Dataset items:

<<<<

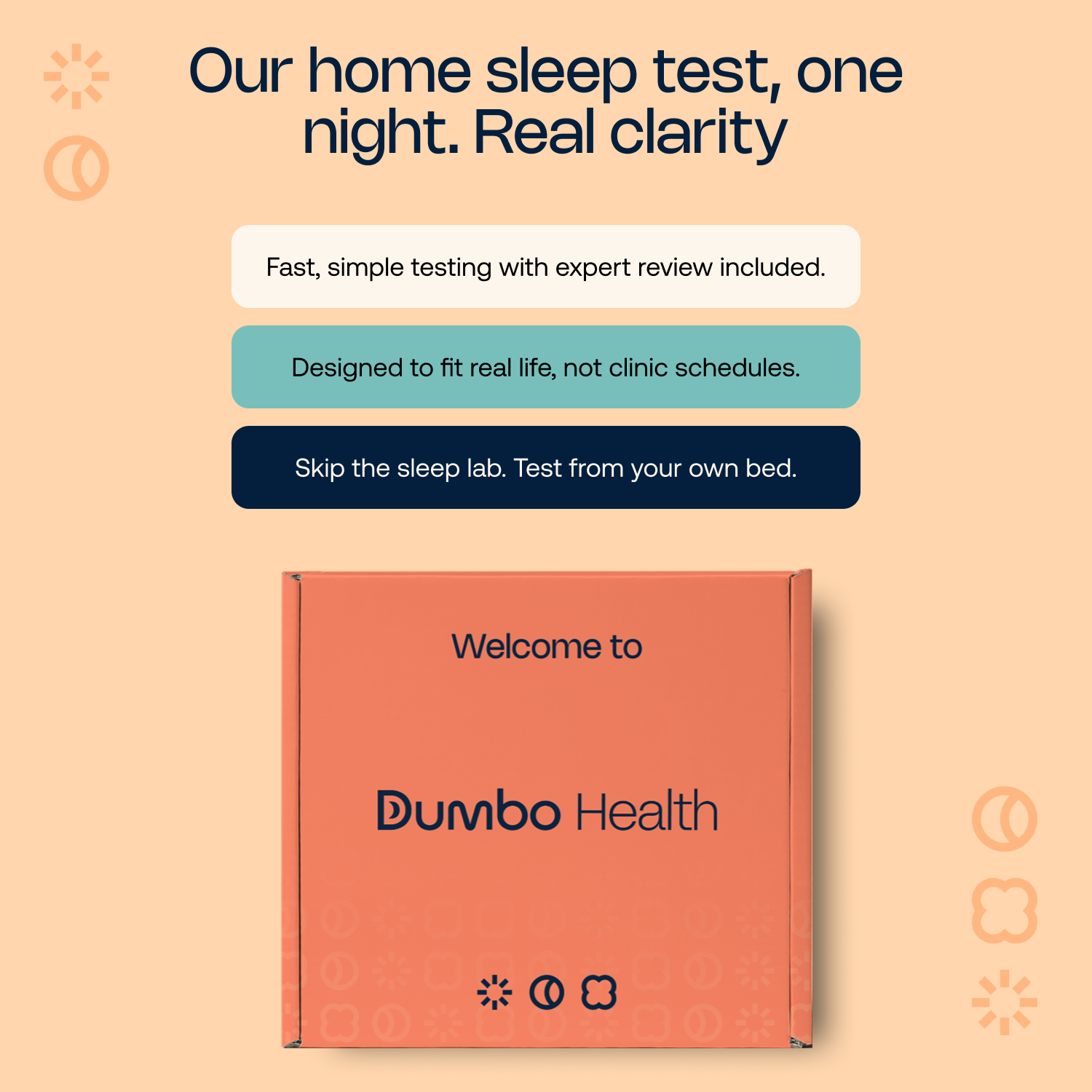 With Dumbo Health, sleep care happens entirely at home: no labs, no waiting rooms, and no surprise bills.
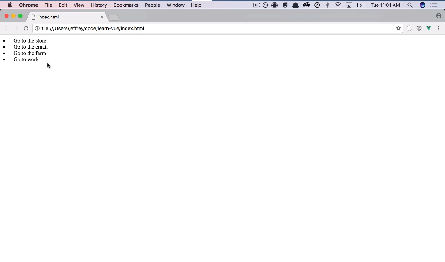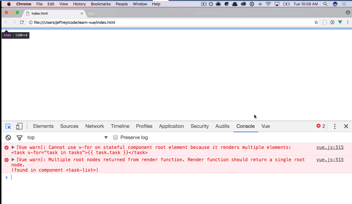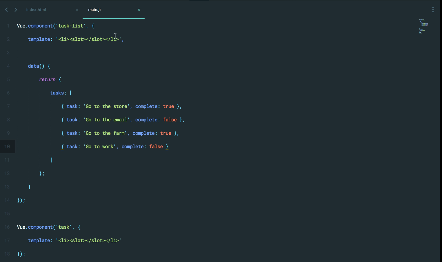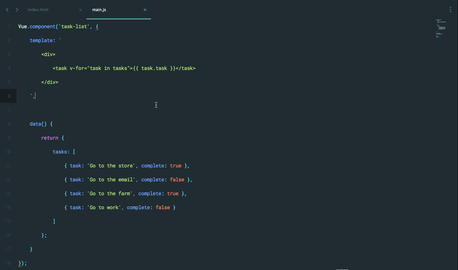 Hiện tại chúng ta đang dùng nhiều cặp thẻ <task> để hiển thị nhưng như thế thì trông lại không đẹp 1 chút nào, để trông code đẹp hơn cũng là nhanh tiện chúng ta sẽ thay đổi 1 chút. Đầu tiên ở file index.html chúng ta sẽ thay các thẻ task bằng 1 cặp thẻ task-list
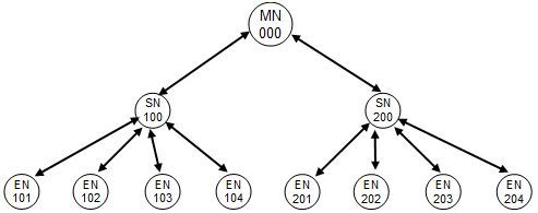 1대10 Point-to-Multipoint HUB 네트워크 구성 예로 마스터 장비에 연결 및 주 라우터 기능의 MN HUB, 슬레이브 장비에 연결 및 부 라우터 기능의 SN HUB 2개 및 8개의 슬레이브 장비에 연결된 EN101 ~ EN104 및 EN201 ~ EN204로 구성됩니다. 구성방법에는 수동구성과 자동구성으로 이루어지며, 여기서는 수동구성에 대하여 예로 듭니다.
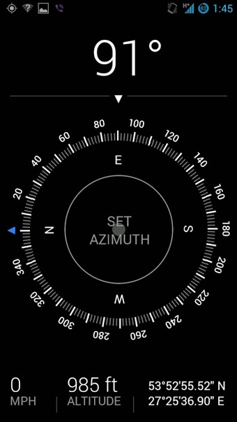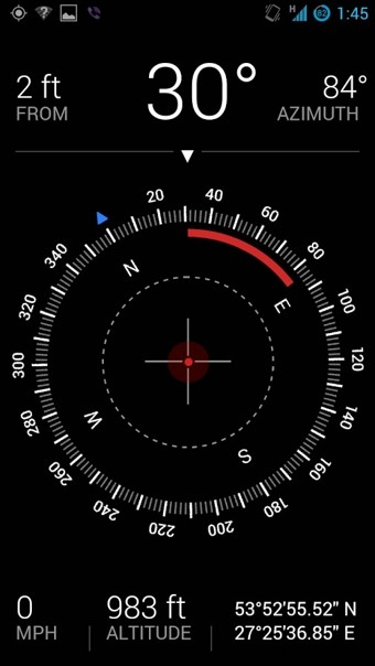 Compass:您可以设置方位角和点击保存你的位置。可以看到目前的速度,高度和坐标。
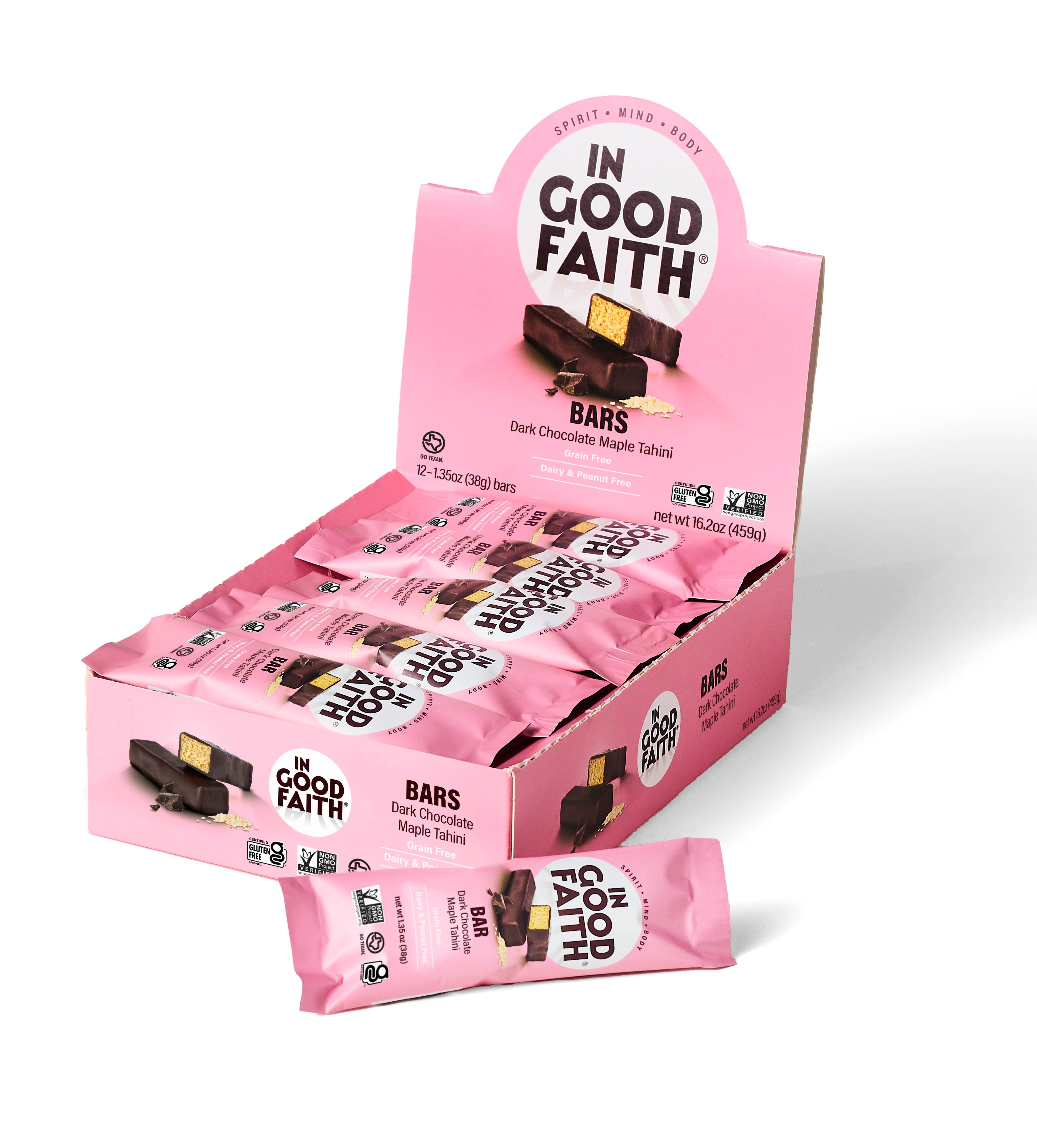 Delicately crispy layers of maple and tahini, enrobed with coconut sugar sweetened dark chocolate. Naturally sweetened with coconut sugar and maple syrup. Non-GMO Project Verified, Certified Gluten Free, Seed Oil Free, Refined Sugar Free, Dairy Free, Grain Free, Egg Free and Soy Free. 12 Bars per Carton; 2 Cartons per Case (24 Bars Total). MSRP (per bar): $2.79 - $2.99
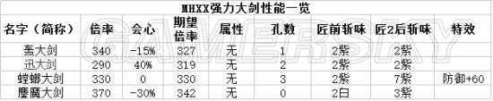 [单机游戏] 怪物猎人XX什么物理大剑强 强力物理大剑数据对比
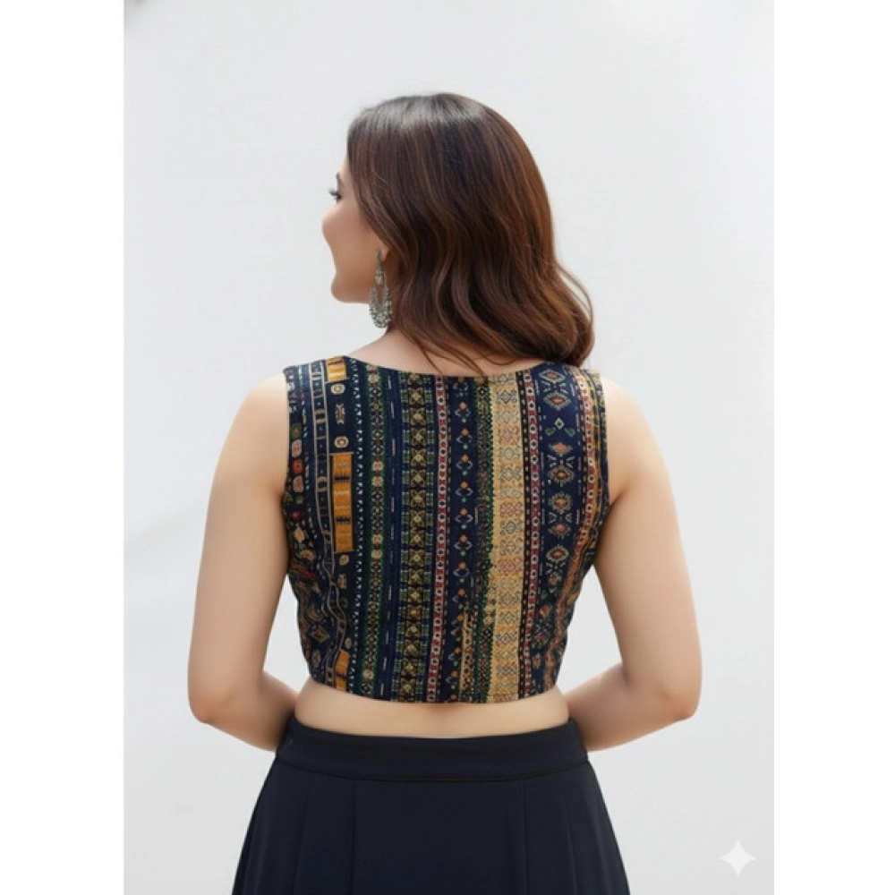 Generic Women’s Cambric Cotton V Neck Padded Blouse (Navy, 38 Ready Size (Self-Alterable 36–40)

>>>>

◆ Work order: Leave the pictures aside and print exactly, and only, the lines from the one with "Delicately crispy layers" through the end of the data, both included.

◆ Task answer:
 Delicately crispy layers of maple and tahini, enrobed with coconut sugar sweetened dark chocolate. Naturally sweetened with coconut sugar and maple syrup. Non-GMO Project Verified, Certified Gluten Free, Seed Oil Free, Refined Sugar Free, Dairy Free, Grain Free, Egg Free and Soy Free. 12 Bars per Carton; 2 Cartons per Case (24 Bars Total). MSRP (per bar): $2.79 - $2.99
 [单机游戏] 怪物猎人XX什么物理大剑强 强力物理大剑数据对比
 Generic Women’s Cambric Cotton V Neck Padded Blouse (Navy, 38 Ready Size (Self-Alterable 36–40)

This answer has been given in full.